- **THE PROBLEM**:
Which lines run from the line with "Mid to late" to the end of the entries? Write out exactly those, leaving out the pictures.

- **TASK INPUT**:
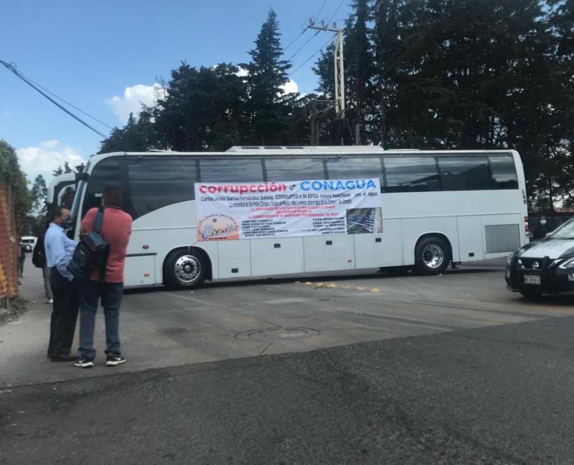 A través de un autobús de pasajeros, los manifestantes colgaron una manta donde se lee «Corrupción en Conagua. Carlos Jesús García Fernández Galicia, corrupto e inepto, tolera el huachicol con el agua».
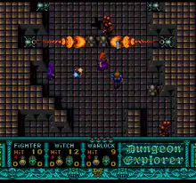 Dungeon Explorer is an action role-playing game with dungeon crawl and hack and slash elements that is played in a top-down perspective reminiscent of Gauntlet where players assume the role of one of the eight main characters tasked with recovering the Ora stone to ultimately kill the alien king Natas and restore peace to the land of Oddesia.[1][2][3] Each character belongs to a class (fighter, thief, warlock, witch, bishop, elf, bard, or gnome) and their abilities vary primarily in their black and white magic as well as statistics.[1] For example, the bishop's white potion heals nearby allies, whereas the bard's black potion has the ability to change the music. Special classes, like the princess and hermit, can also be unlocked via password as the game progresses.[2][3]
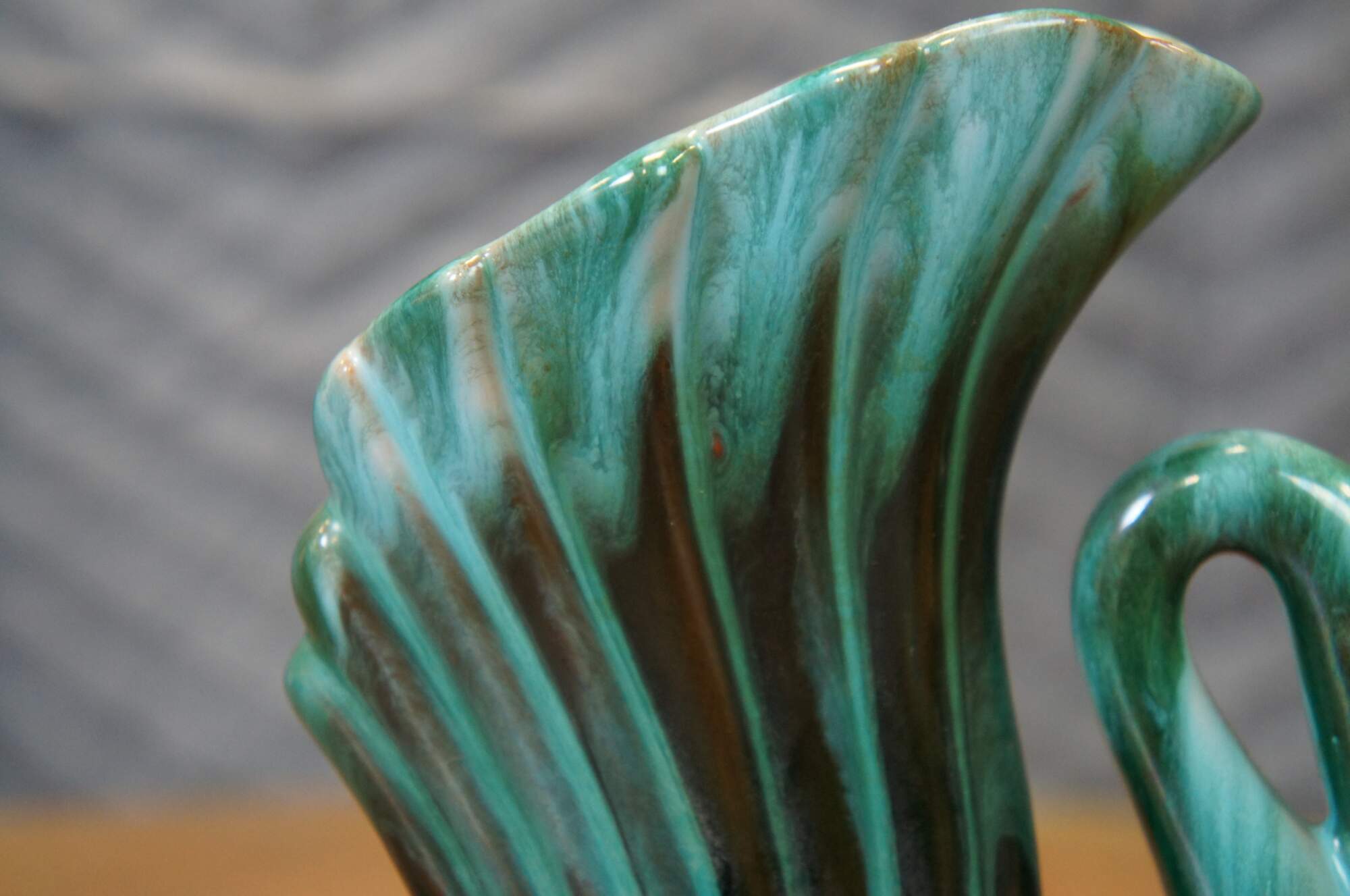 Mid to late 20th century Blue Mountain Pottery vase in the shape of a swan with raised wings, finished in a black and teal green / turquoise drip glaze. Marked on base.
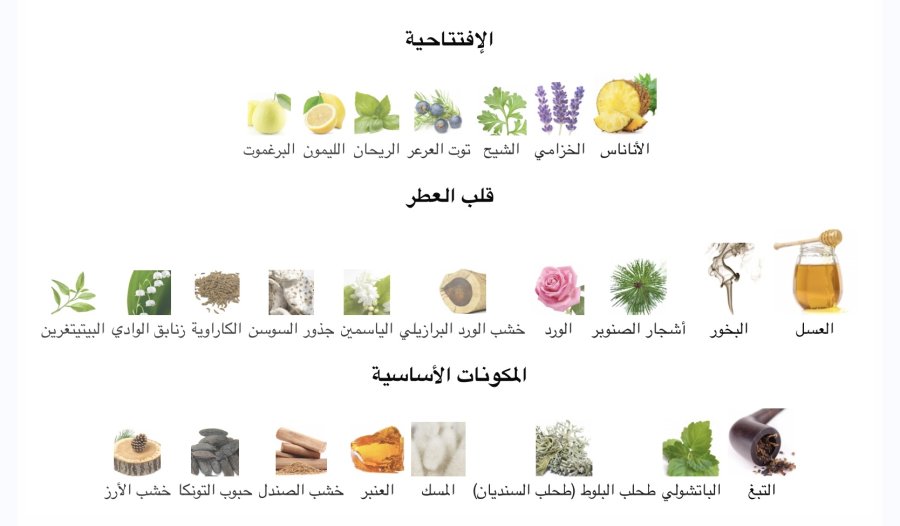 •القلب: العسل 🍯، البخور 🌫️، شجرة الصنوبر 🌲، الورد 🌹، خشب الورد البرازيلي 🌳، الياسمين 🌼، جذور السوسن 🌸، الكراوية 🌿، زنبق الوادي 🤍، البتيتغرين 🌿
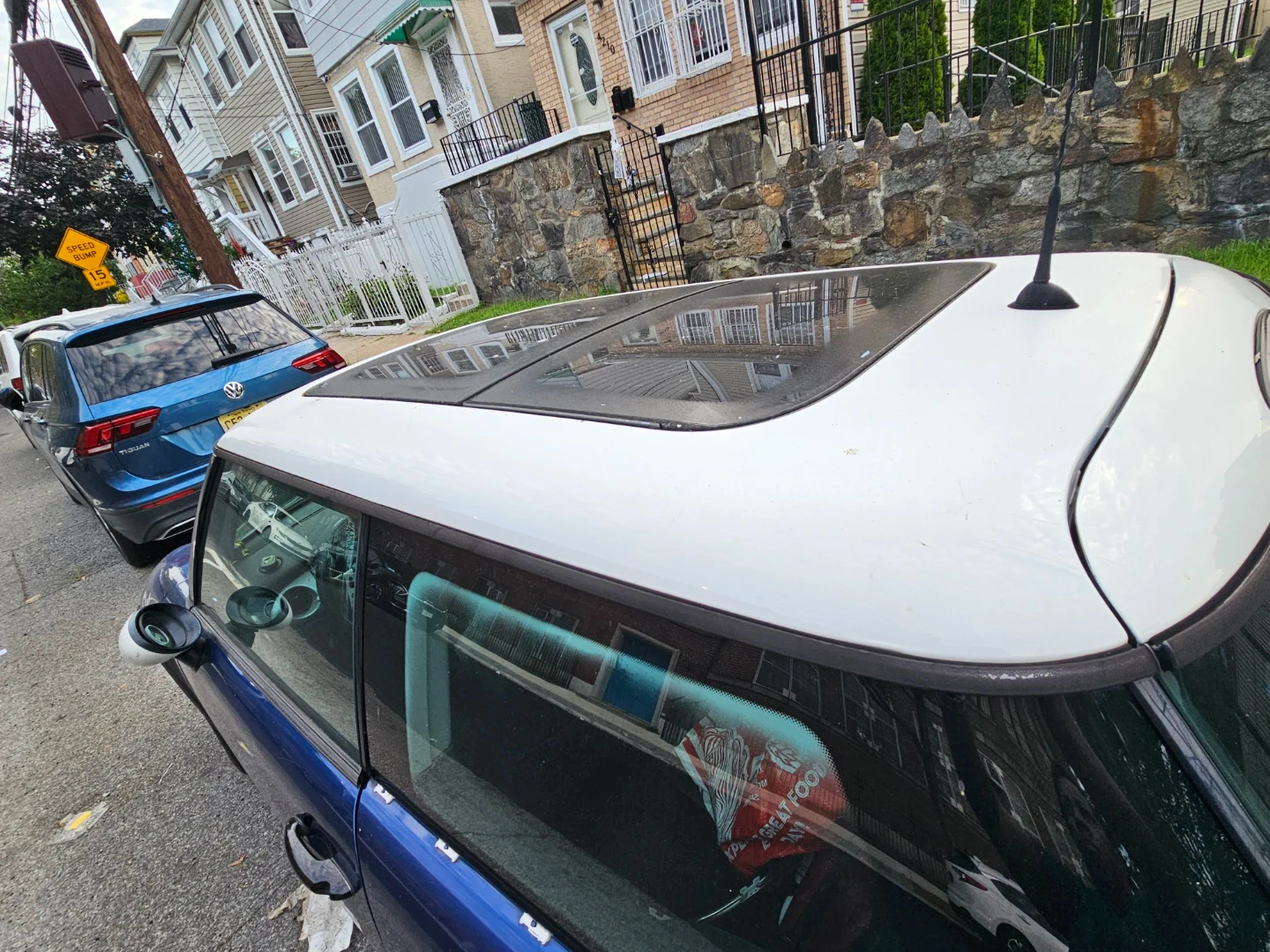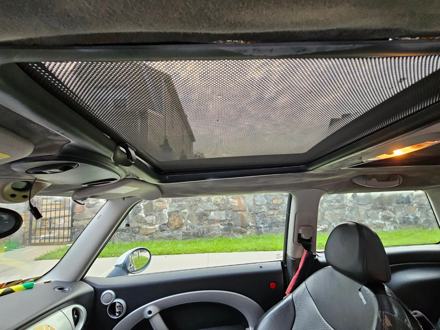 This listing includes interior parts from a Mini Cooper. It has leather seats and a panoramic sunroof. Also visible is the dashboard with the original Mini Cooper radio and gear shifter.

- **WRITTEN ANSWER**:
 Mid to late 20th century Blue Mountain Pottery vase in the shape of a swan with raised wings, finished in a black and teal green / turquoise drip glaze. Marked on base.
 •القلب: العسل 🍯، البخور 🌫️، شجرة الصنوبر 🌲، الورد 🌹، خشب الورد البرازيلي 🌳، الياسمين 🌼، جذور السوسن 🌸، الكراوية 🌿، زنبق الوادي 🤍، البتيتغرين 🌿
 This listing includes interior parts from a Mini Cooper. It has leather seats and a panoramic sunroof. Also visible is the dashboard with the original Mini Cooper radio and gear shifter.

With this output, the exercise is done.